── Record set ──

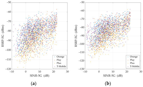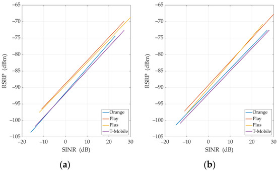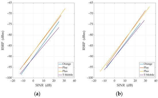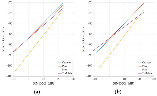 For four MNOs and TCP, Figure 8, Figure 9, Figure 10 and Figure 11 present RSRP versus SINR or RSRP-5G versus SINR-5G, respectively. In each figure, we show the measurement data (see Figure 8 and Figure 10) or appropriate regression lines (see Figure 9 and Figure 11) for (a) UL and (b) DL, respectively.
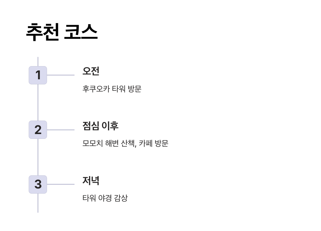 이번 글에서는 두 명소를 하루 안에 효율적으로 즐길 수 있는 방법을 안내합니다. 타워의 멋진 풍경, 모모치 해변의 즐길 거리와 맛집 추천까지, 특별한 후쿠오카 여행을 계획하시기 바랍니다.
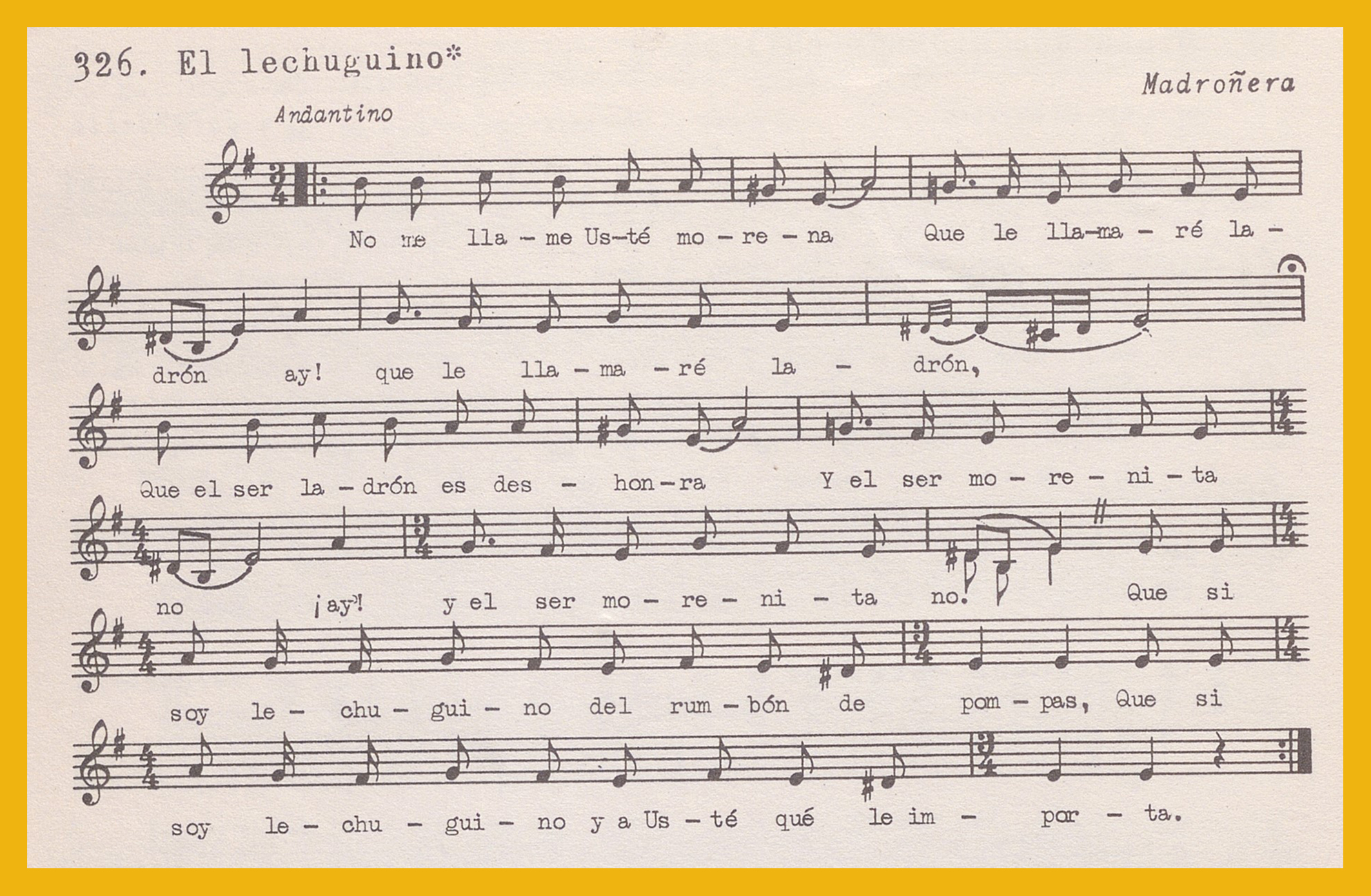 Ref. Partitura transcripción Kurt Schindler (1941): A. «Una palomita blanca (Canción de primavera», registro nº 325. B. «El lechuguino», registro nº 326. «Tengo de subir al árbol», registro nº 327
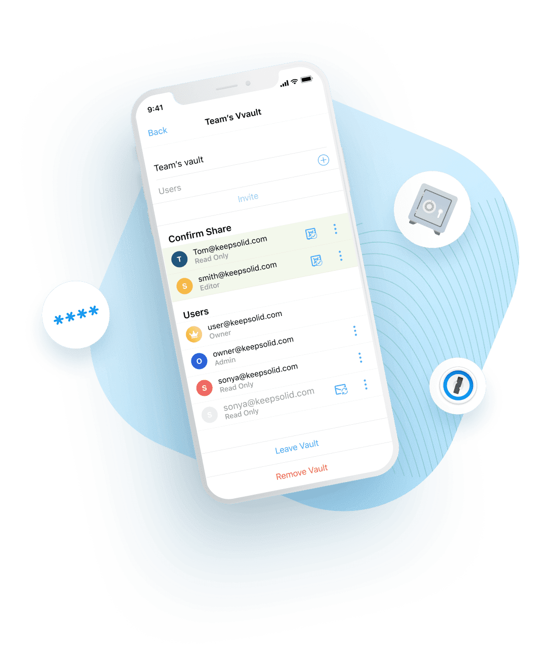 In Passwarden you can set up various permission levels when you share data: Admin, Editor, and Viewer. If you want to limit the right of Vault members to edit the items, you can set up the Viewer access rights and give them read-only access. Or, for instance, having Admin rights, you can assign particular users to change the items and give them the Editor access.
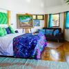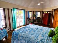 Open plan, private lagoon & oceanfront bungalow equipped with ensuite tile bathroom, wood floors, King or Queen bed + bunk bed or trundle bed, ceiling fans, separate mini-kitchenette, no-cooking facilities mini-bar on request, bar fridge, electric Jug, water filter and a private over the water balcony.
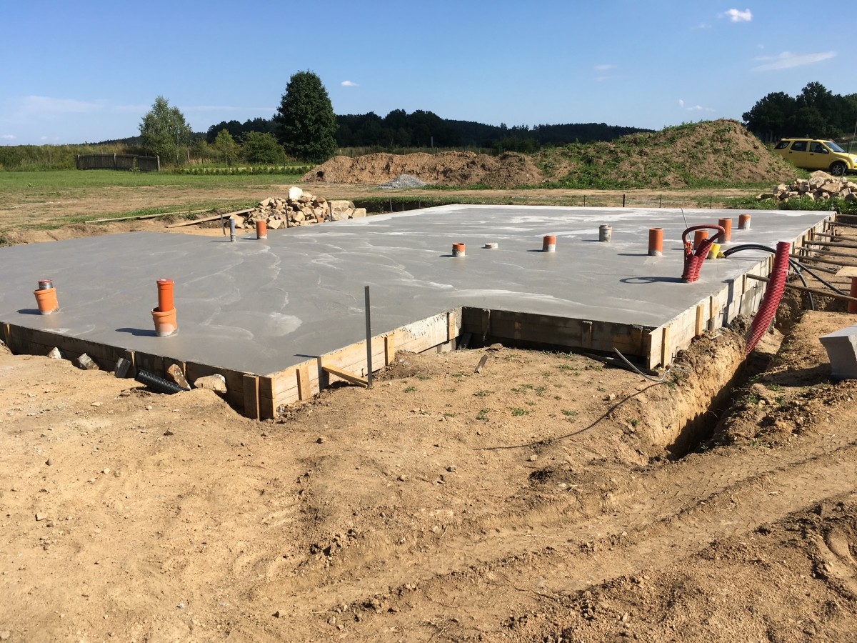 Základovou desku stavěli manželé svépomocí. Realizace probíhala na přelomu června a července, v době, kdy jsme mohli zaznamenávat vysoké teploty (40 °C)
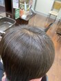 リタッチ(根元の白髪染め)をしてセルフブローでこの艶感♪高品質のカラー剤を使用し、高濃度炭酸泉ケアとノンシリコン毛髪補修成分配合シャンプー&トリートメント、ドライヤーはリファを使用しただけす。仕上がりもサラサラ♪みなさんもご体感ください。
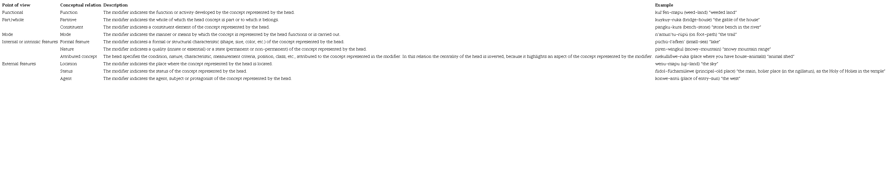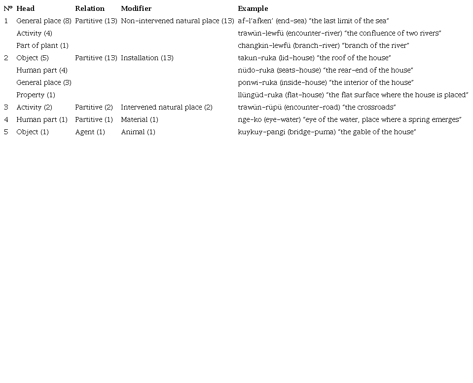 In sum, the analysis of conceptual patterns underlying compound nouns for designating parts of places in Mapudungun shows there is a tendency to mark partitive relations between constituent elements and to represent in the head element of the compound the classes of places they belong to.
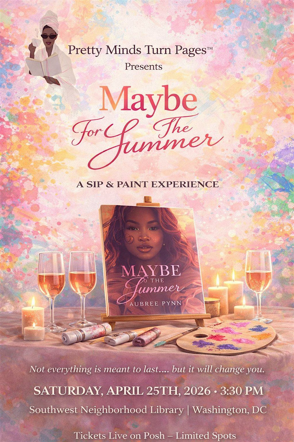 Pretty Minds Turn Pages™ invites you to a curated Sip & Paint experience inspired by Maybe for the Summer by Aubree Pynn.
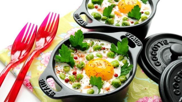 Ajouter les pois qui avaient été réservés, pour qu'ils aient une apparence bien verte sur le dessus de la préparation, poser les couvercles et cuire deux minutes au four à 180°. Sortir du four, ajouter les pluches de persil et les baies roses, servir aussitôt ! Avec cette méthode les jaunes d'oeufs restent bien coulants, sans avoir recours au bain marie...

───

From the records given above, reproduce all text exactly and exclude each picture.

 For four MNOs and TCP, Figure 8, Figure 9, Figure 10 and Figure 11 present RSRP versus SINR or RSRP-5G versus SINR-5G, respectively. In each figure, we show the measurement data (see Figure 8 and Figure 10) or appropriate regression lines (see Figure 9 and Figure 11) for (a) UL and (b) DL, respectively.
 이번 글에서는 두 명소를 하루 안에 효율적으로 즐길 수 있는 방법을 안내합니다. 타워의 멋진 풍경, 모모치 해변의 즐길 거리와 맛집 추천까지, 특별한 후쿠오카 여행을 계획하시기 바랍니다.
 Ref. Partitura transcripción Kurt Schindler (1941): A. «Una palomita blanca (Canción de primavera», registro nº 325. B. «El lechuguino», registro nº 326. «Tengo de subir al árbol», registro nº 327
 In Passwarden you can set up various permission levels when you share data: Admin, Editor, and Viewer. If you want to limit the right of Vault members to edit the items, you can set up the Viewer access rights and give them read-only access. Or, for instance, having Admin rights, you can assign particular users to change the items and give them the Editor access.
 Open plan, private lagoon & oceanfront bungalow equipped with ensuite tile bathroom, wood floors, King or Queen bed + bunk bed or trundle bed, ceiling fans, separate mini-kitchenette, no-cooking facilities mini-bar on request, bar fridge, electric Jug, water filter and a private over the water balcony.
 Základovou desku stavěli manželé svépomocí. Realizace probíhala na přelomu června a července, v době, kdy jsme mohli zaznamenávat vysoké teploty (40 °C)
 リタッチ(根元の白髪染め)をしてセルフブローでこの艶感♪高品質のカラー剤を使用し、高濃度炭酸泉ケアとノンシリコン毛髪補修成分配合シャンプー&トリートメント、ドライヤーはリファを使用しただけす。仕上がりもサラサラ♪みなさんもご体感ください。
 In sum, the analysis of conceptual patterns underlying compound nouns for designating parts of places in Mapudungun shows there is a tendency to mark partitive relations between constituent elements and to represent in the head element of the compound the classes of places they belong to.
 Pretty Minds Turn Pages™ invites you to a curated Sip & Paint experience inspired by Maybe for the Summer by Aubree Pynn.
 Ajouter les pois qui avaient été réservés, pour qu'ils aient une apparence bien verte sur le dessus de la préparation, poser les couvercles et cuire deux minutes au four à 180°. Sortir du four, ajouter les pluches de persil et les baies roses, servir aussitôt ! Avec cette méthode les jaunes d'oeufs restent bien coulants, sans avoir recours au bain marie...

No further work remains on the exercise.